Reputation: 25
I'm trying to import some data from a .txt file into WPS (which works with SAS language). Everythings worked perfectly until I realized that for one column/variable, some of my observations were cut. For example in the column/variable Type, my 5 first observations in the original file were:
RAN
FG
MAJOFG
ARBA
ARBV
but in my data set in sas, here's the data I get:
RAN
FG
MAJ
ARB
ARB
So I thought about using a format during the import to make sas always take the $8. format. Can it work with proc import? Here is my code:
proc import out = sasuser.frais
datafile="~/NAS/M/XXX.txt"
dbms=dlm replace;
delimiter=";";
getnames=yes;
datarow=2;
run;
I also tried to use data infile but for some reason it moves my lines of data (the beginning of the second line starts at the end of the first one, probably because most of the time my last 4 columns/variables are empty). And I have more than 20 variables, most of which are properly imported by sas (in terms of format I mean), so if I could avoid naming a format for each of them, it would be great!
Upvotes: 1
Views: 20740
Reputation: 25
My problem is that I plan to use this importation code for multiple files and the order of the observations for type is random. So it's totally possible that for 10 or 100 row, the observations have a length of 3 and then one observation of 6. But even if I don't know the order, I know the differents values possible (with a max length of 6). So guessingtows wouldn't work in my case. But I found a way to correct my code with the link provided by John Doe (https://communities.sas.com/t5/Base-SAS-Programming/Text-File-Import-force-the-correct-Informat-and-format/td-p/281701) I took the data generated by the proc import and modified it for the one variable which needed changes. Thank you all!
Upvotes: 0
Reputation: 27508
Try using the GUESSINGROWS
statement:
Proc IMPORT … ;
…
GUESSINGROWS = 100;
run;
When using a DATA
step with an INPUT
statement, and some rows are incomplete, your INFILE
statement should specify the MISSOVER
option. This will help you create a data set where each row corresponds to each row of the data file.

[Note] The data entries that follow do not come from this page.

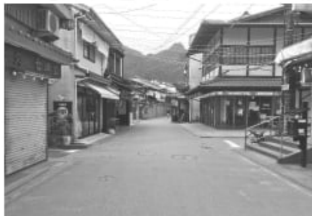
屋間の宮島の商店街 (4月頃)

人が集まる観光地はリスクが高いという不安がある中、私たちは島で働くものとして「宮島から絶対にコロナを出さない」という強い信念を持ち、感染予防対策を徹底し、お客様に安心してお越しいただく準備はできています。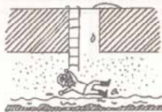
マンホール内に硫化水素滞留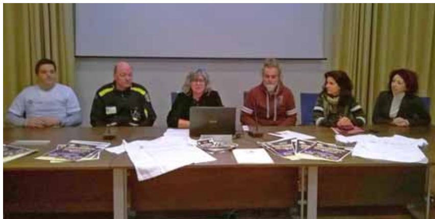
Presentazione a Castelnuovo del Progetto Araliya

Tel. 0585 93218 - Cell. 347 5226337 begmarmi@libero.it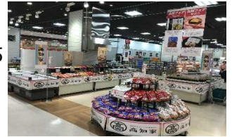
イトヨーカドーアリオ橋本「高知フェア」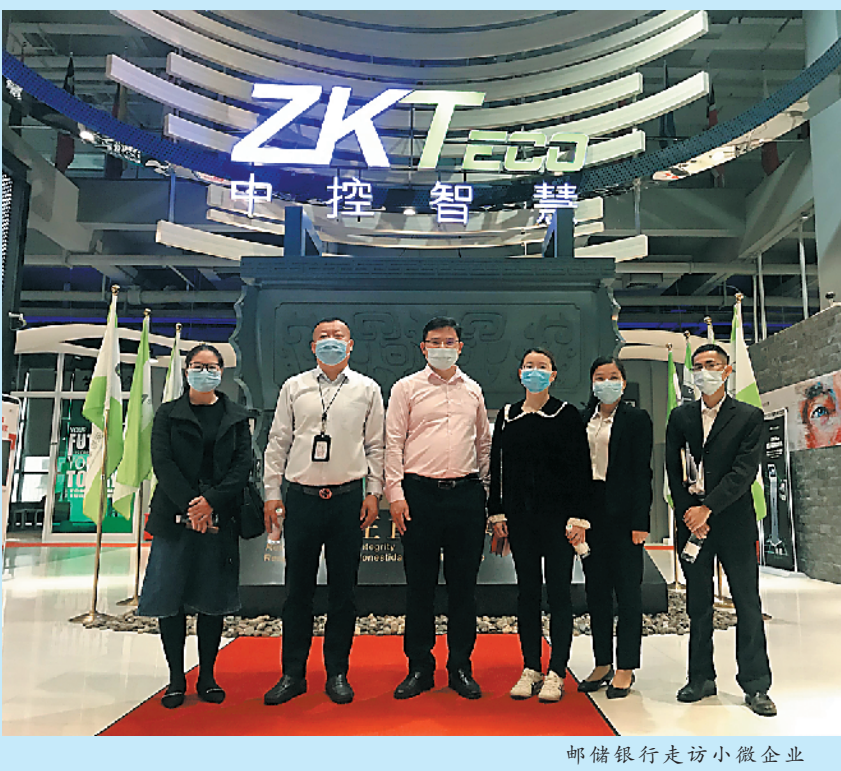
邮储银行走访小微企业

“3月份开工后,客户订单都取消了,厂也快做不下去了。我现在不仅要付房租,还要忙着解决员工工资问题。”黄江一家通信类企业负责人说,随着海外疫情升级,如今企业正面临倒闭的困境。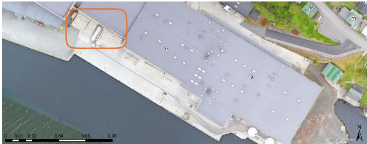
Mynd 2. Markering vísir ætlaða staðseting av lýsitangum.

Sambært viðmerkingunum í skrifinum metir viðkomandi, at kemikaliigoymsla, oljutangi, skorsteinur, dampkókarar og dieselmotorar ikki skulu leggjast kloss upp at bústaðarøki, við stórum árinum og ampa fyrri nærmastu grannar og fólkið í nærumhvørvinum. Viðmerkt verður eisini, at um ein ólukka hendir við nøkrum av hesum, verða nátturan og umhvørvið ávirkað munandi orsakað av plasingini. Hildið verður, at Varðin Pelagic hevur eina skerpaða ábyrgd fyrri trygdini fyrri umhvørvi og fólk, tí at ein vanlukka longu hevur verið á virkinum, har tað tíbetur var ættin henda dagin og eitt hart arbeiðandi slökkilið á landi og sjógvi, ið gjørdi, at nærmasta grannalag ikki brendi í grund og fólk lótu lív.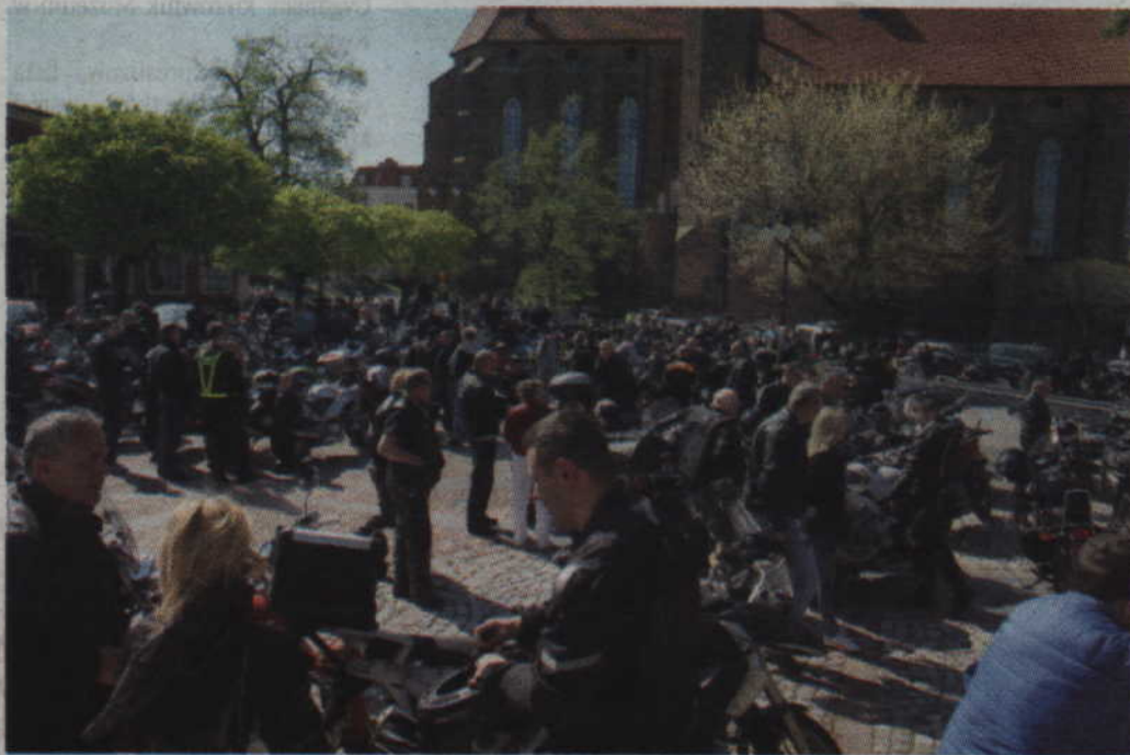
Plac św. Jana Pawła II dosłownie zapelniał się motocyklami.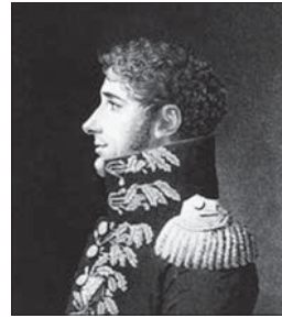
Obr.: Antoine-Henri Jomini

Podle Jominiho nebyl operační směr pouhým vztahem mezi vojskem a jeho skladišti. Správné určení operačního směru vnímal jako „uchopení se iniciativy vojskem“, které se zmocnilo rozhodujících bodů kontrolovaných protivníkem. Jominiho to vedlo ke srovnání relativních výhod a nevýhod vlastních operačních směrů v čase, prostoru a koncentraci sil vzhledem se směry protivníka. Metodou indukce (pozorováním a zkušenostmi) pak rozvinul vlastní koncepci vnitřních a vnějších operačních směrů.

INFILE … FIRSTOBS=2 DLM=';' DSD MISSOVER;
length v1-v20 $30;
INPUT v1-v20;
During the data step implicit loop step, any variables at the end of the data line without corresponding input values will be set to missing, and the input statement will not attempt to look for more values on the next line.
Upvotes: 2
Reputation: 9569
You may be able to get acceptable results by tweaking the guessingrows
parameter rather than specifying an informat, e.g.:
data _null_;
file "%sysfunc(pathname(work))\test.txt";
infile cards;
input;
put _infile_;
cards;
RAN
FG
MAJOFG
ARBA
ARBV
;
run;
proc import out = example
datafile="%sysfunc(pathname(work))\test.txt"
dbms=dlm replace;
delimiter=";";
getnames=yes;
datarow=2;
guessingrows=3;
run;
If you change this from 3 to 2, proc import only looks at the first 2 data rows when guessing an appropriate length for the variable RAN
and truncation occurs for subsequent rows with longer values.
Upvotes: 0